### Exercise goal
The listing below should be reproduced precisely, except for its images.

+ + + +

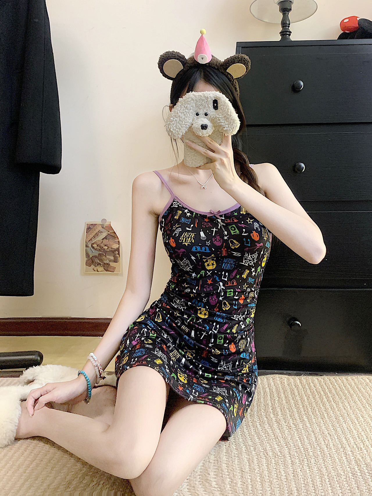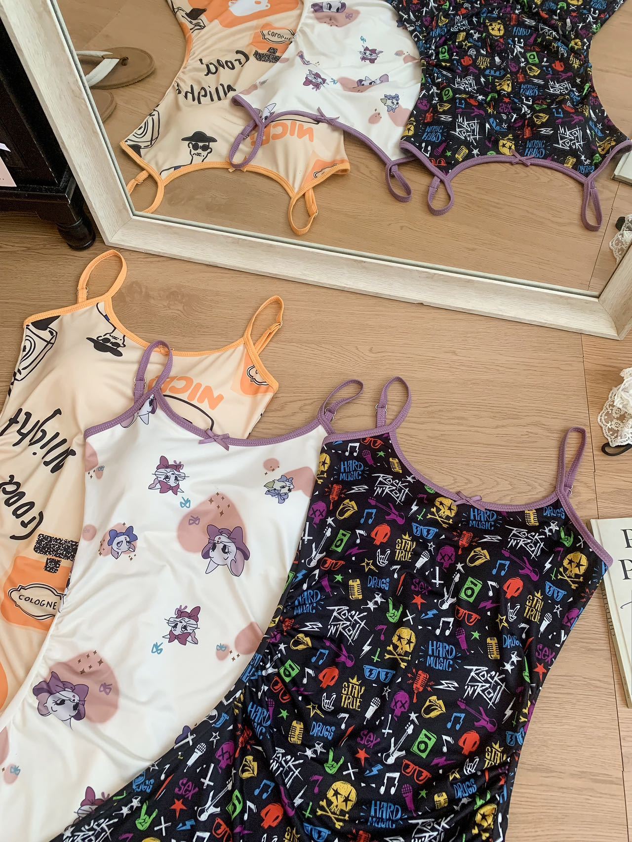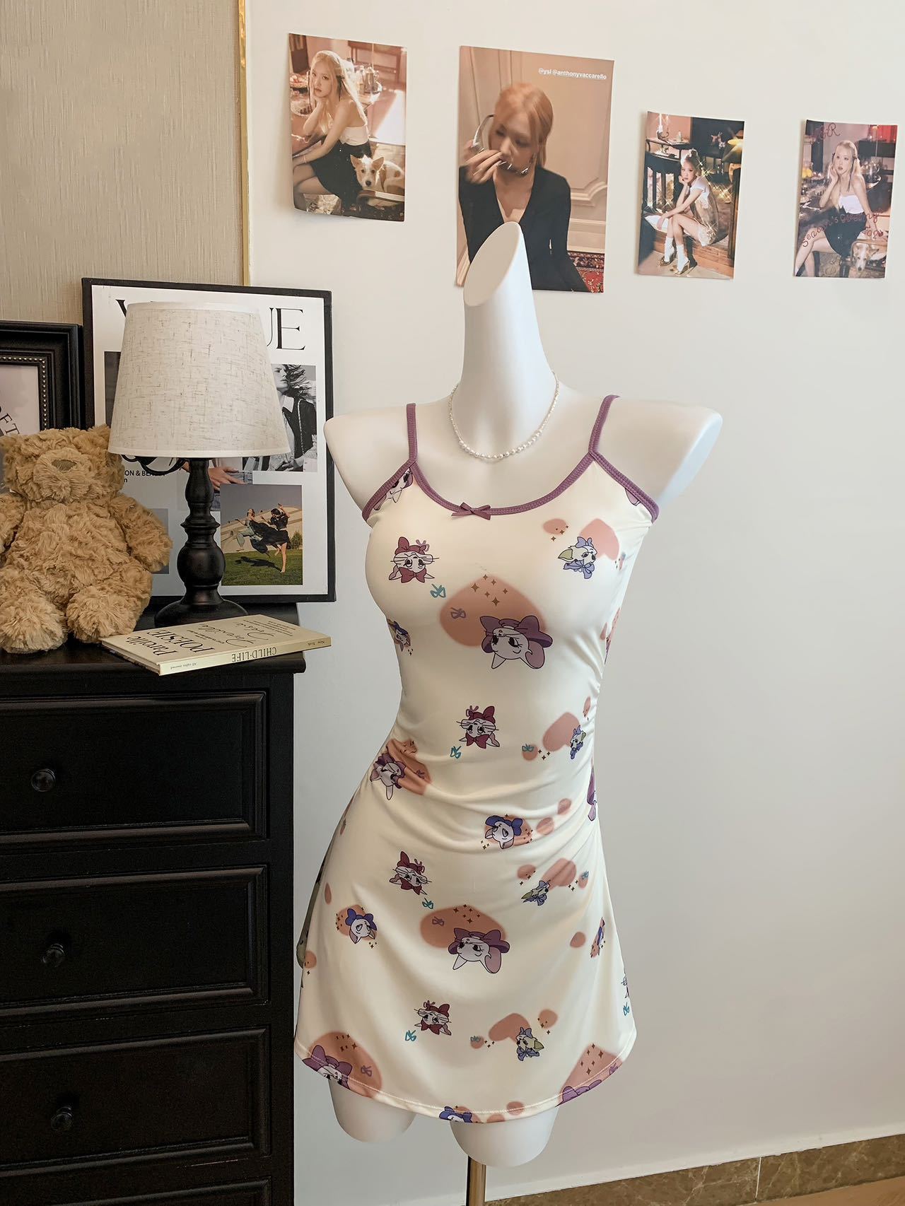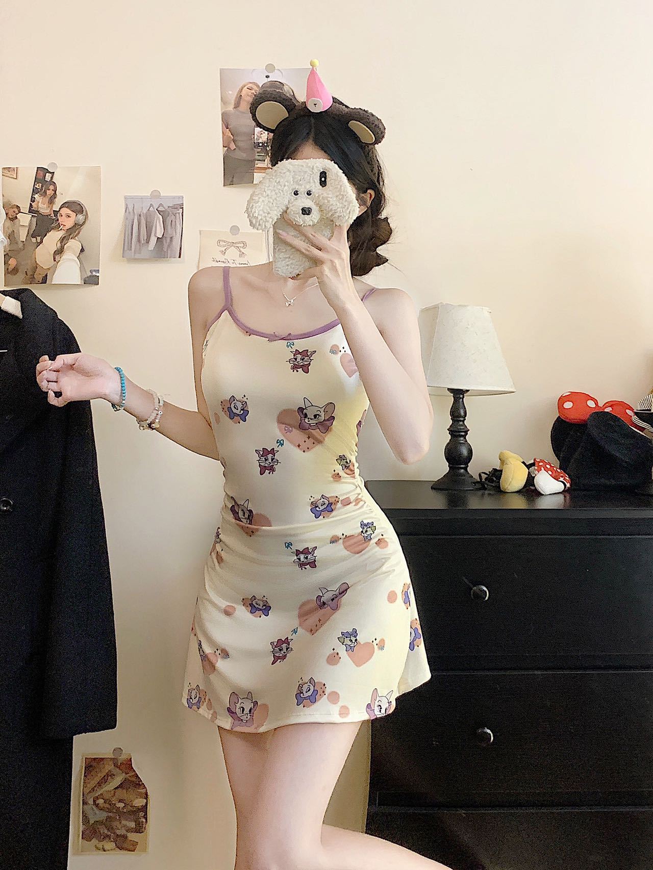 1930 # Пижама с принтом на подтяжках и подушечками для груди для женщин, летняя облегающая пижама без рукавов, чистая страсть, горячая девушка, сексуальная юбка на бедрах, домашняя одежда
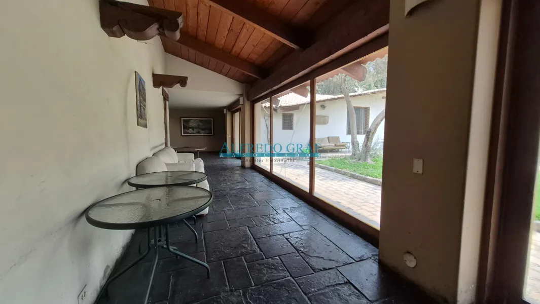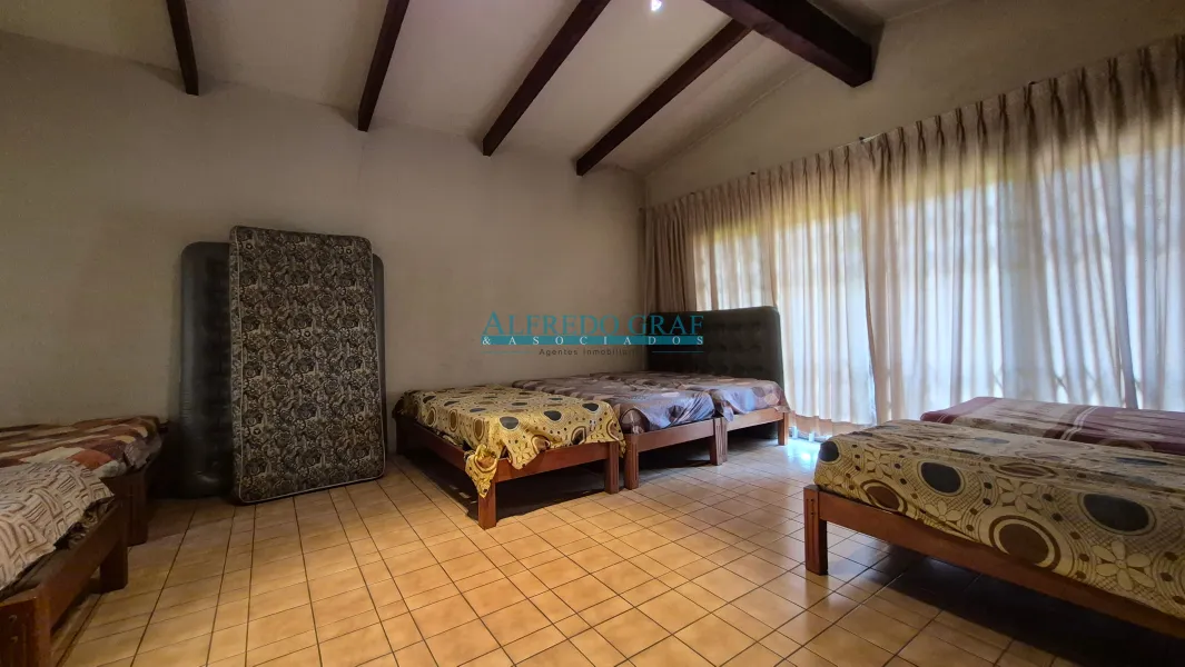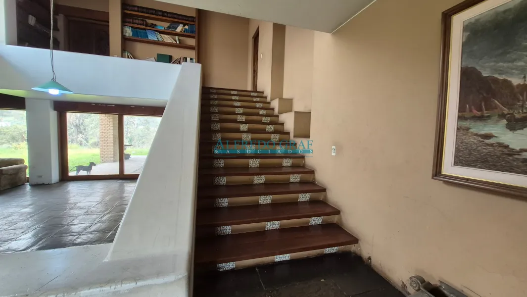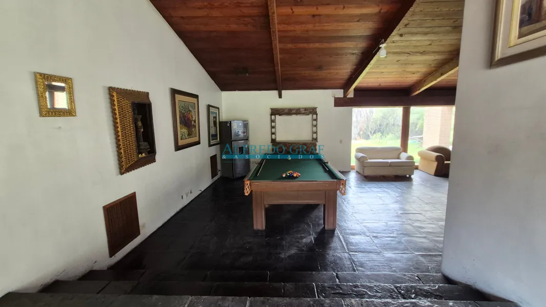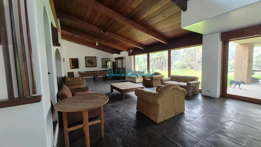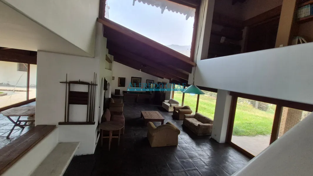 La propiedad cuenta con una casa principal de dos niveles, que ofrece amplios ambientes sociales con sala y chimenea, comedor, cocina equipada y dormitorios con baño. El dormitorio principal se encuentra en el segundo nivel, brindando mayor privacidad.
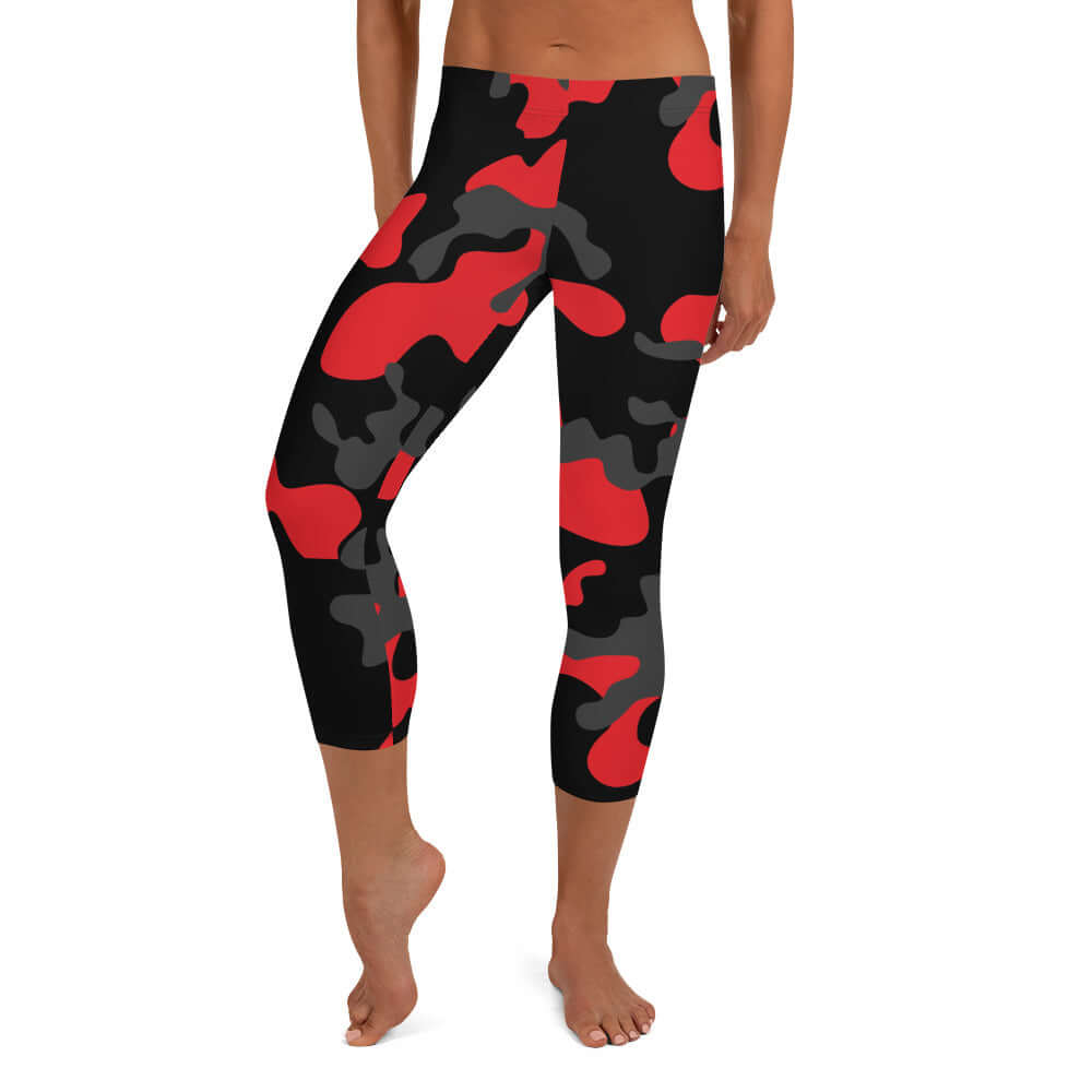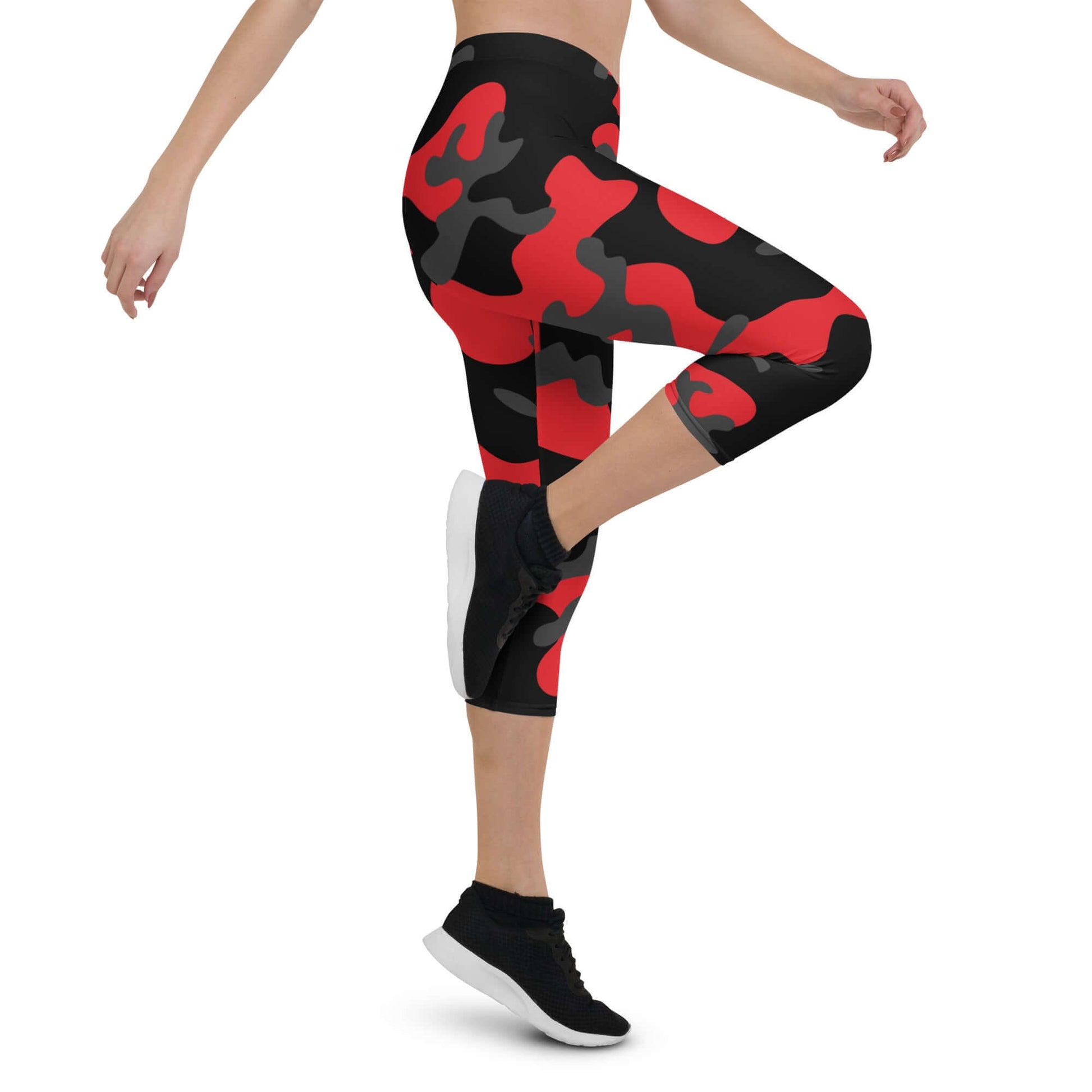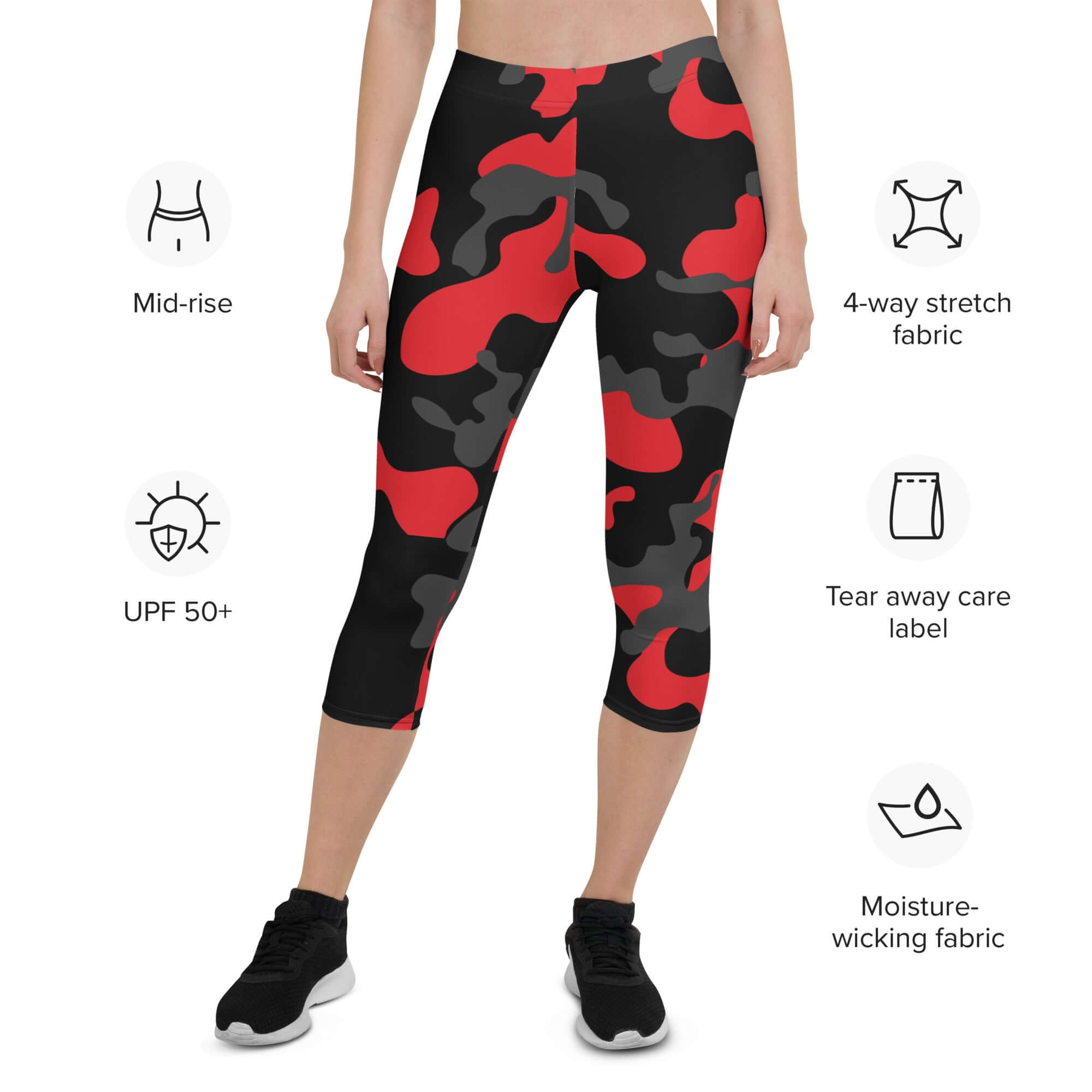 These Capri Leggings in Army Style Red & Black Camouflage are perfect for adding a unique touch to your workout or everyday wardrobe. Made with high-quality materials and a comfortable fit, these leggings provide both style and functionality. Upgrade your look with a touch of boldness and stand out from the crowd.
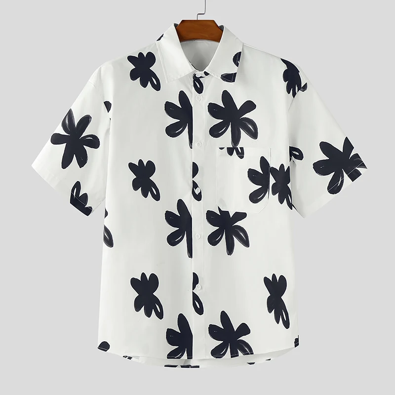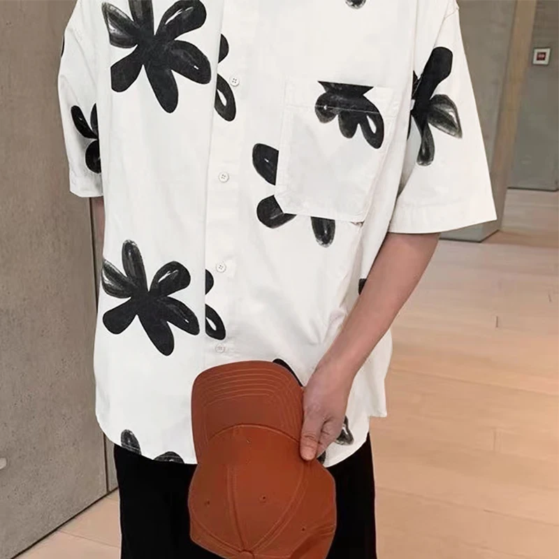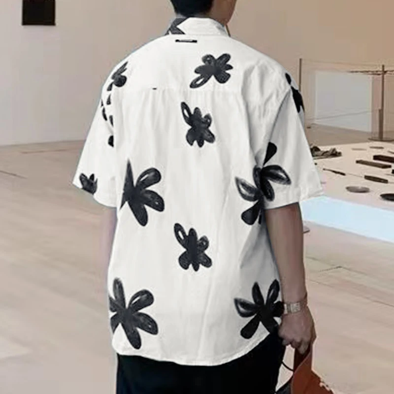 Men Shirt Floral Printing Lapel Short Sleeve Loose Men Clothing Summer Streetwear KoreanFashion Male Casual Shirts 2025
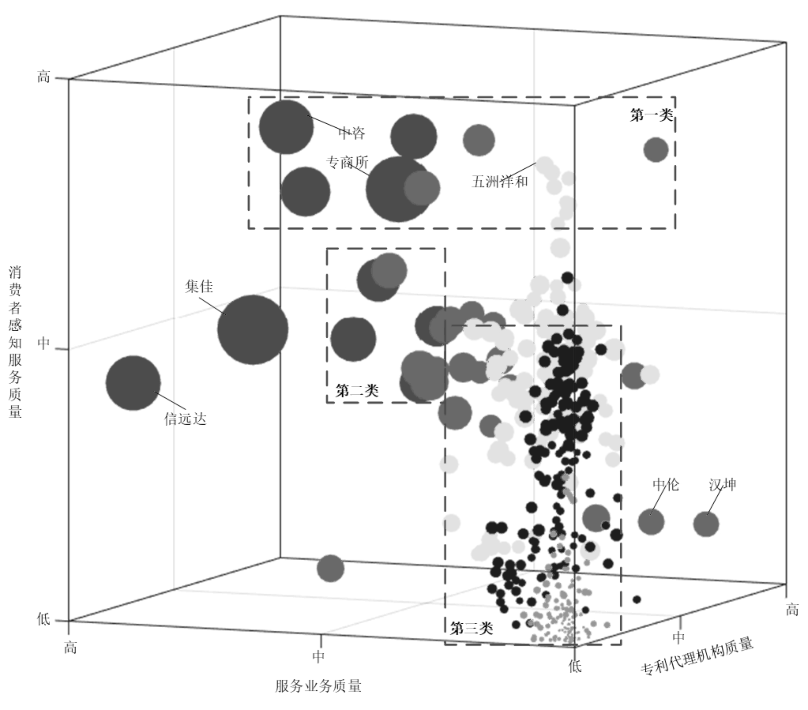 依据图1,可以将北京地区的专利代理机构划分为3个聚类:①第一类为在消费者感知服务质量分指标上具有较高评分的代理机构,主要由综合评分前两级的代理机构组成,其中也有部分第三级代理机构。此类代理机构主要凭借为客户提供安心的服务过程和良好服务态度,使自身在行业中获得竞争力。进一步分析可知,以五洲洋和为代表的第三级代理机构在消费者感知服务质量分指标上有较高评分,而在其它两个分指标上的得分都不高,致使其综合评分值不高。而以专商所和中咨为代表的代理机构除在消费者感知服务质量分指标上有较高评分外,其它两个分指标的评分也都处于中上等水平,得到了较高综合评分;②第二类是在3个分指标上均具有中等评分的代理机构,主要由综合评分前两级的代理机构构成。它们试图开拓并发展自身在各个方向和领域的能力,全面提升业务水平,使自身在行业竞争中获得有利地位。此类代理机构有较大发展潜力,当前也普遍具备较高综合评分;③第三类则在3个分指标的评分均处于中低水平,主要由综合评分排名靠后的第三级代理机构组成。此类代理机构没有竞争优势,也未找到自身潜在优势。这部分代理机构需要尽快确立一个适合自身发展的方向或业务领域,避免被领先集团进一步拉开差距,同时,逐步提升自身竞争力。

+ + + +

### Finished exercise
 1930 # Пижама с принтом на подтяжках и подушечками для груди для женщин, летняя облегающая пижама без рукавов, чистая страсть, горячая девушка, сексуальная юбка на бедрах, домашняя одежда
 La propiedad cuenta con una casa principal de dos niveles, que ofrece amplios ambientes sociales con sala y chimenea, comedor, cocina equipada y dormitorios con baño. El dormitorio principal se encuentra en el segundo nivel, brindando mayor privacidad.
 These Capri Leggings in Army Style Red & Black Camouflage are perfect for adding a unique touch to your workout or everyday wardrobe. Made with high-quality materials and a comfortable fit, these leggings provide both style and functionality. Upgrade your look with a touch of boldness and stand out from the crowd.
 Men Shirt Floral Printing Lapel Short Sleeve Loose Men Clothing Summer Streetwear KoreanFashion Male Casual Shirts 2025
 依据图1,可以将北京地区的专利代理机构划分为3个聚类:①第一类为在消费者感知服务质量分指标上具有较高评分的代理机构,主要由综合评分前两级的代理机构组成,其中也有部分第三级代理机构。此类代理机构主要凭借为客户提供安心的服务过程和良好服务态度,使自身在行业中获得竞争力。进一步分析可知,以五洲洋和为代表的第三级代理机构在消费者感知服务质量分指标上有较高评分,而在其它两个分指标上的得分都不高,致使其综合评分值不高。而以专商所和中咨为代表的代理机构除在消费者感知服务质量分指标上有较高评分外,其它两个分指标的评分也都处于中上等水平,得到了较高综合评分;②第二类是在3个分指标上均具有中等评分的代理机构,主要由综合评分前两级的代理机构构成。它们试图开拓并发展自身在各个方向和领域的能力,全面提升业务水平,使自身在行业竞争中获得有利地位。此类代理机构有较大发展潜力,当前也普遍具备较高综合评分;③第三类则在3个分指标的评分均处于中低水平,主要由综合评分排名靠后的第三级代理机构组成。此类代理机构没有竞争优势,也未找到自身潜在优势。这部分代理机构需要尽快确立一个适合自身发展的方向或业务领域,避免被领先集团进一步拉开差距,同时,逐步提升自身竞争力。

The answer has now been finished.